**THE TASK**: Repeat every line of the listing below exactly, minus the pictures.

**INFORMATION SHOWN**:

·····

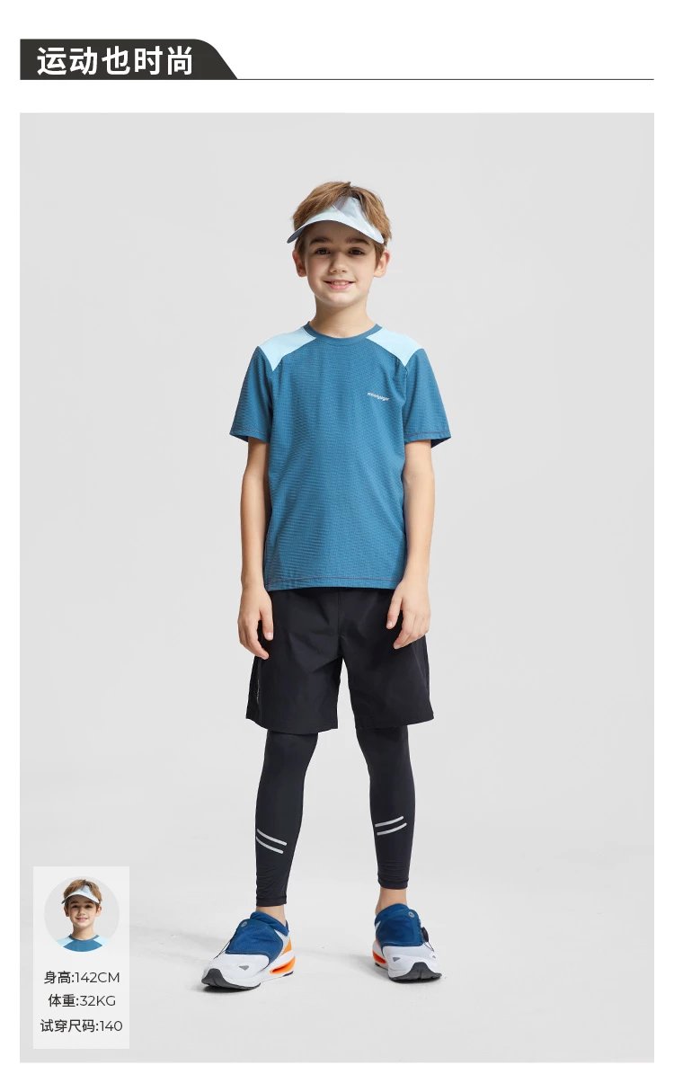 【24年夏新品】【24年夏新品】moodytiger男童假两件长裤春秋新款打底裤柔软弹力运动裤| 小云朵 M02111501【Y】
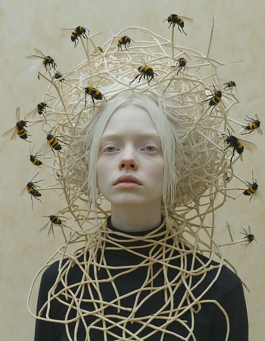 she's hollow mirrors on nature mock her embodied ivory-white hair like scaffolding holds a series of recursive wild mirrors climbing up and around her bunched hair-strands in layered hollowness reflecting the futility of right now pull back into a wide angle wild angle full-length long shot mirroring ...
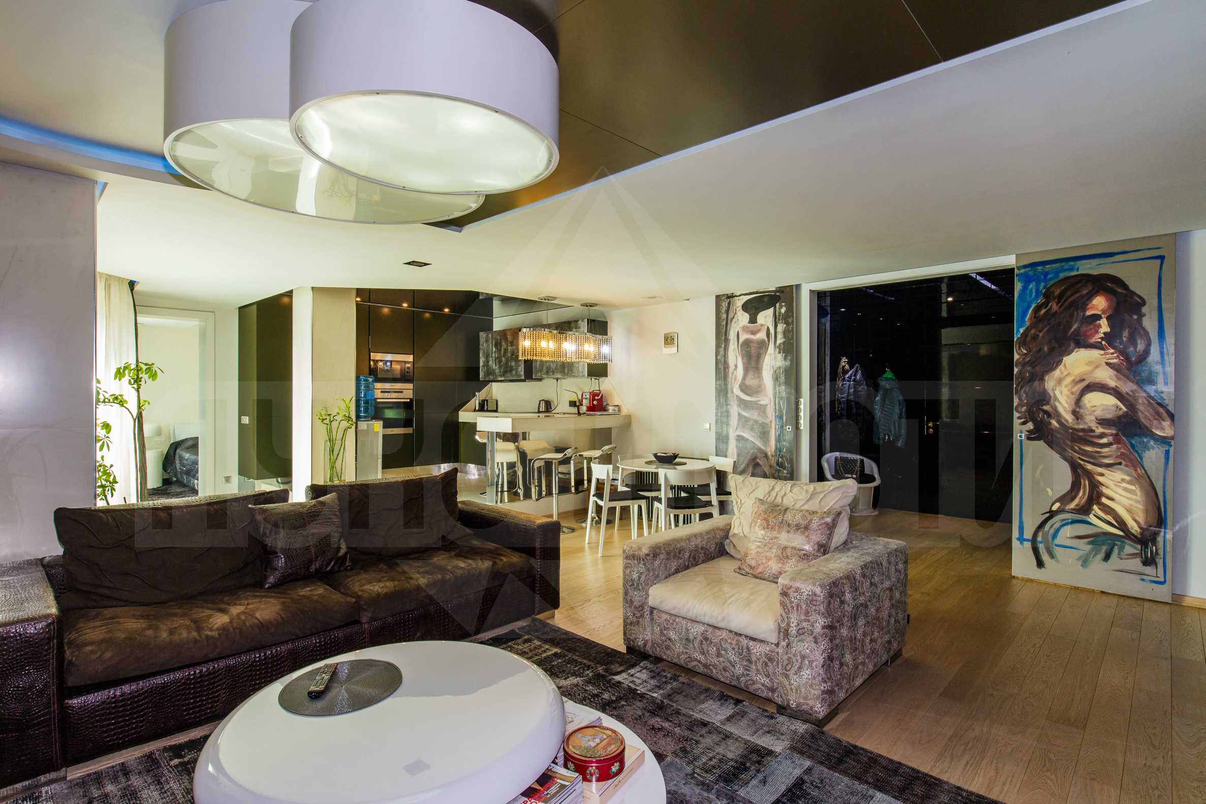 Жилището се отдава луксозно обзаведено и оборудвано, формирайки изключително елегантна и стилна атмосфера, с артистични акценти внасящи настроение. На разположение на бъдещите наематели ще бъде всичко необходимо за тяхното уединение и удобство:
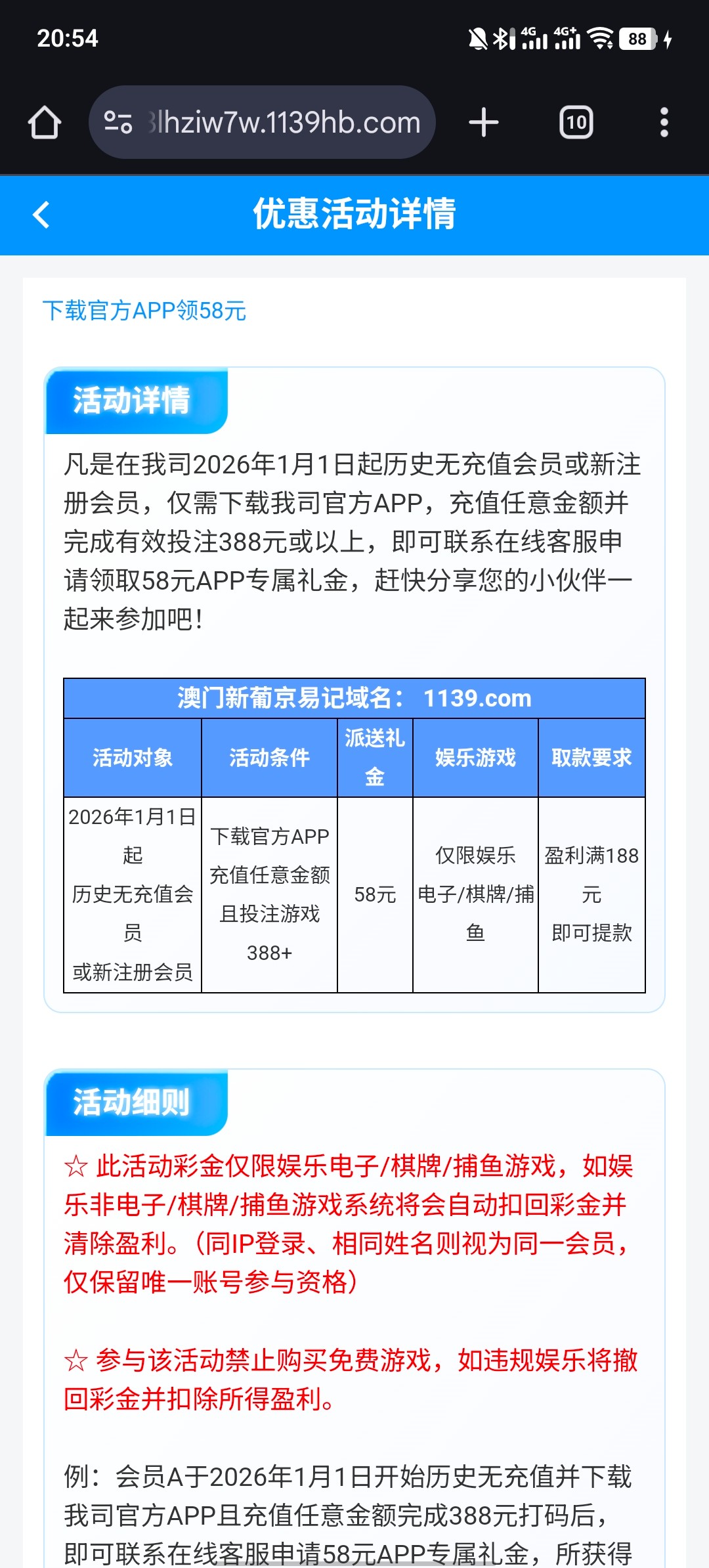 凡是2026年1月1日起历史无充值会员或新注册会员,仅需下载APP完成有效投注388元或以上,即可联系在线客服申请领取58元APP专属礼金

·····

**TASK ANSWER**:
 【24年夏新品】【24年夏新品】moodytiger男童假两件长裤春秋新款打底裤柔软弹力运动裤| 小云朵 M02111501【Y】
 she's hollow mirrors on nature mock her embodied ivory-white hair like scaffolding holds a series of recursive wild mirrors climbing up and around her bunched hair-strands in layered hollowness reflecting the futility of right now pull back into a wide angle wild angle full-length long shot mirroring ...
 Жилището се отдава луксозно обзаведено и оборудвано, формирайки изключително елегантна и стилна атмосфера, с артистични акценти внасящи настроение. На разположение на бъдещите наематели ще бъде всичко необходимо за тяхното уединение и удобство:
 凡是2026年1月1日起历史无充值会员或新注册会员,仅需下载APP完成有效投注388元或以上,即可联系在线客服申请领取58元APP专属礼金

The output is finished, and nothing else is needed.